» Task statement
Go through the lines below and repeat each one exactly, skipping pictures.
Segment Start: Material provided
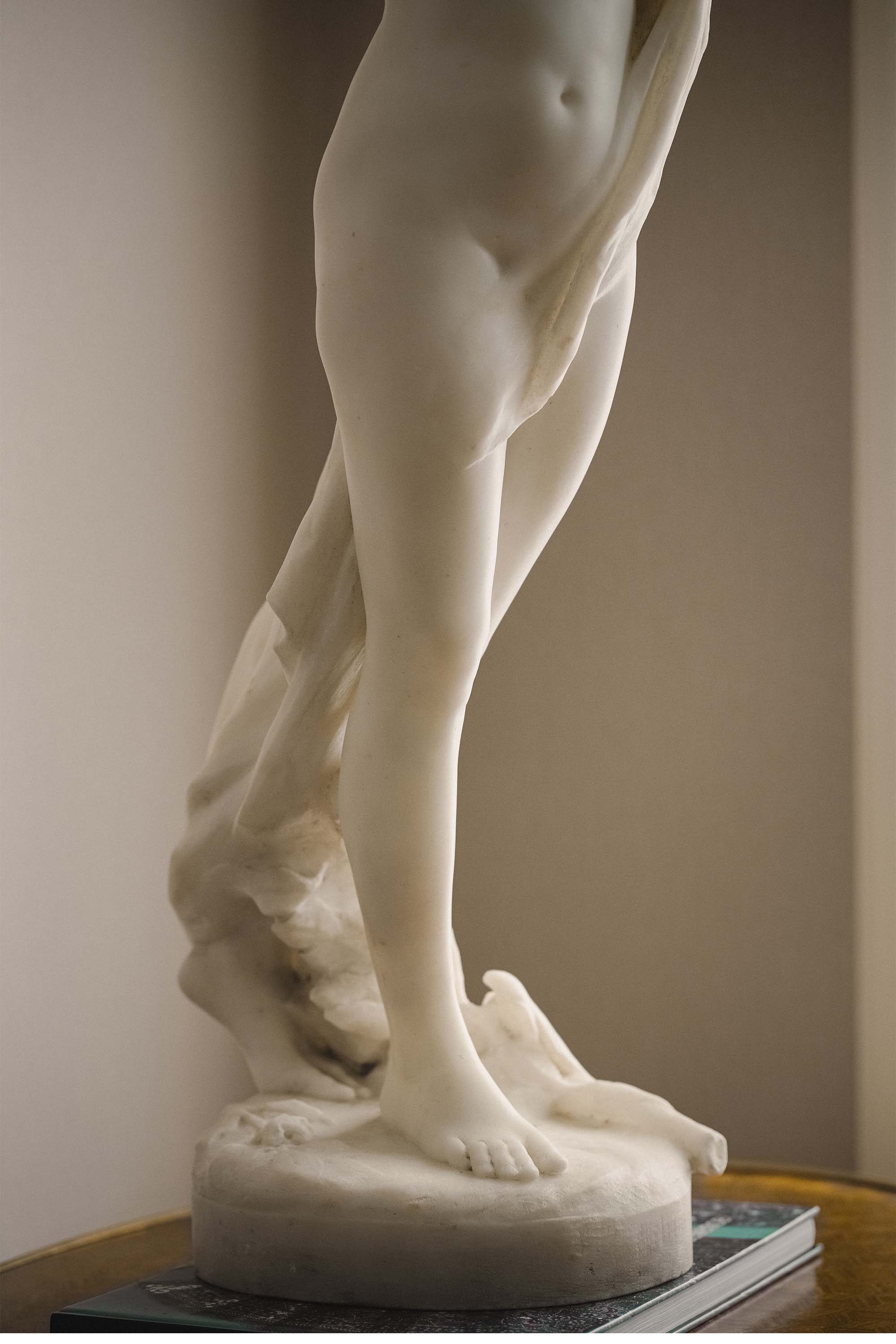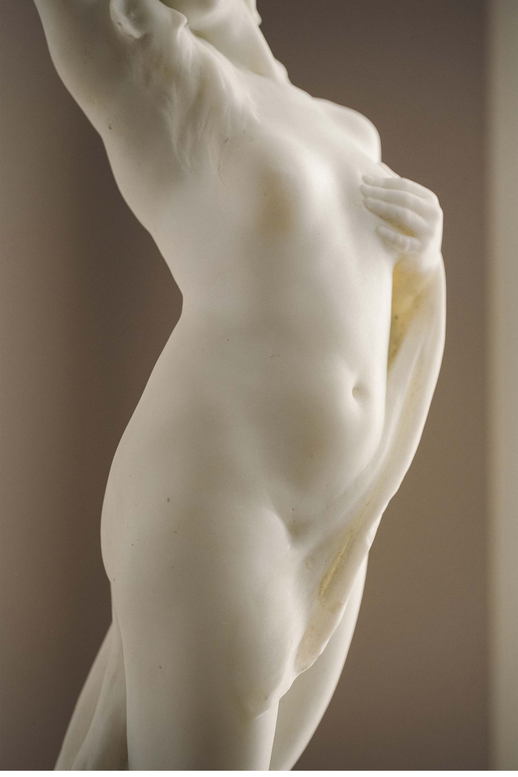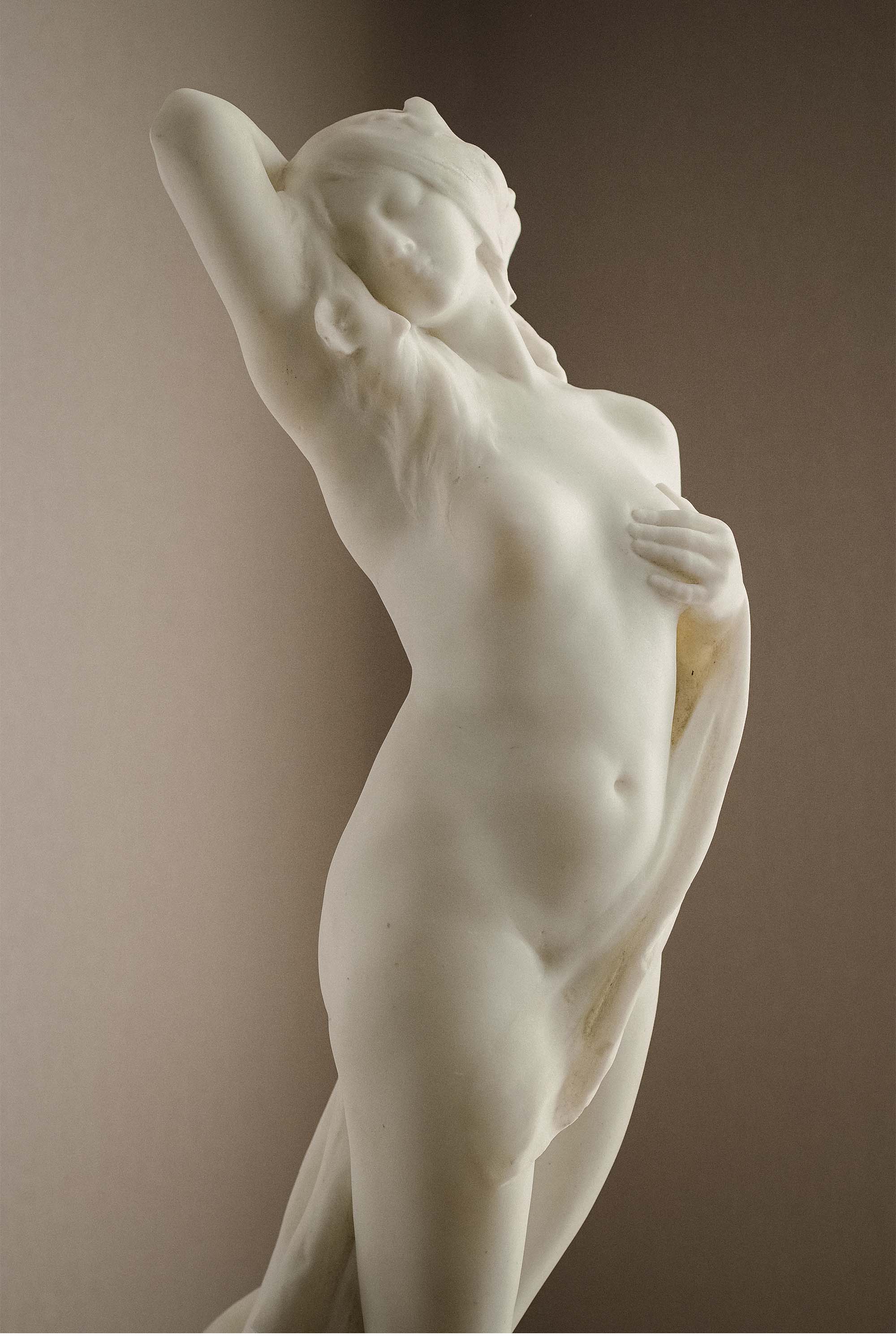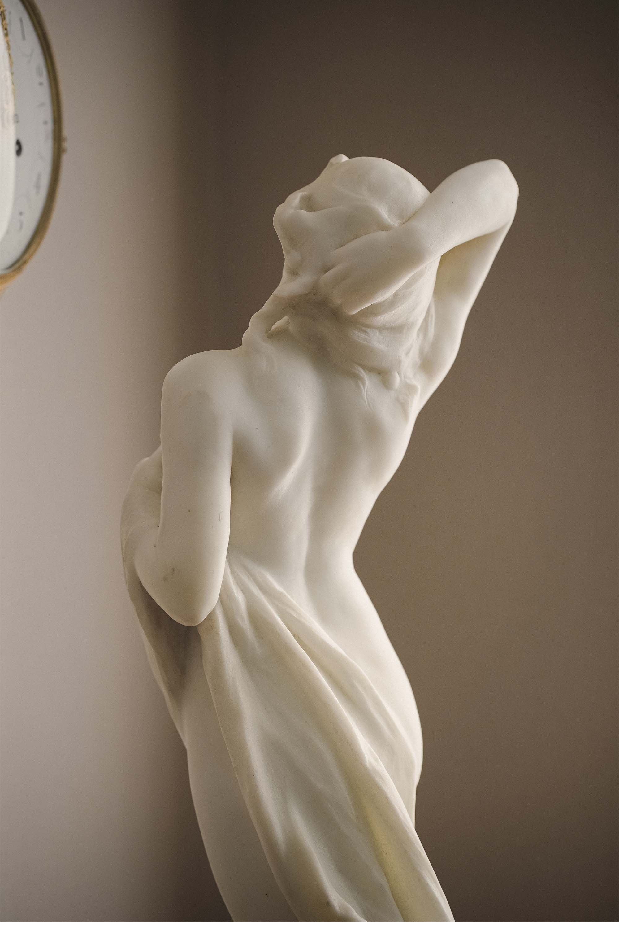 1900年代墨西哥雕塑家Jesús Fructuoso Contreras签名创作女性人物主题卡拉拉大理石雕塑《觉醒》
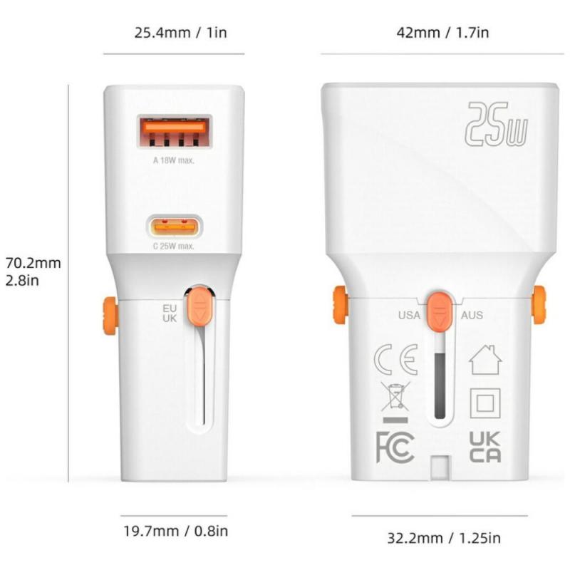 Adaptor retea 4smarts World Travel Adapter Nomad Pocket, 1x USB-C, 1xUSB-A, 25W, 3A, Alb Cod produs: 4SM-159654
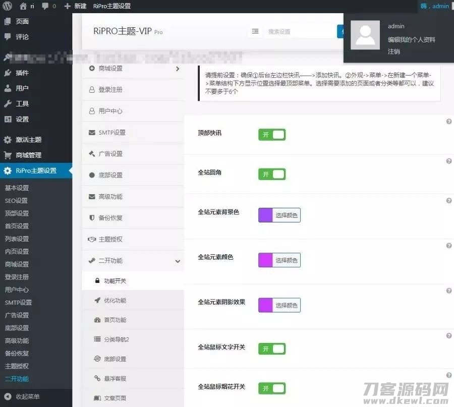 转载请注明出处: 牛牛源码 » WordPress资源分享下载站日主题RiPro主题全站美化包 集成到后台功能
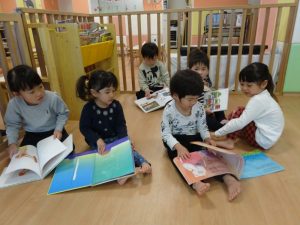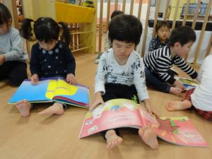 先生の真似をしてお友達に読み聞かせをする子もいますよ(^-^)
Segment End: Material provided
» Solution for this problem
 1900年代墨西哥雕塑家Jesús Fructuoso Contreras签名创作女性人物主题卡拉拉大理石雕塑《觉醒》
 Adaptor retea 4smarts World Travel Adapter Nomad Pocket, 1x USB-C, 1xUSB-A, 25W, 3A, Alb Cod produs: 4SM-159654
 转载请注明出处: 牛牛源码 » WordPress资源分享下载站日主题RiPro主题全站美化包 集成到后台功能
 先生の真似をしてお友達に読み聞かせをする子もいますよ(^-^)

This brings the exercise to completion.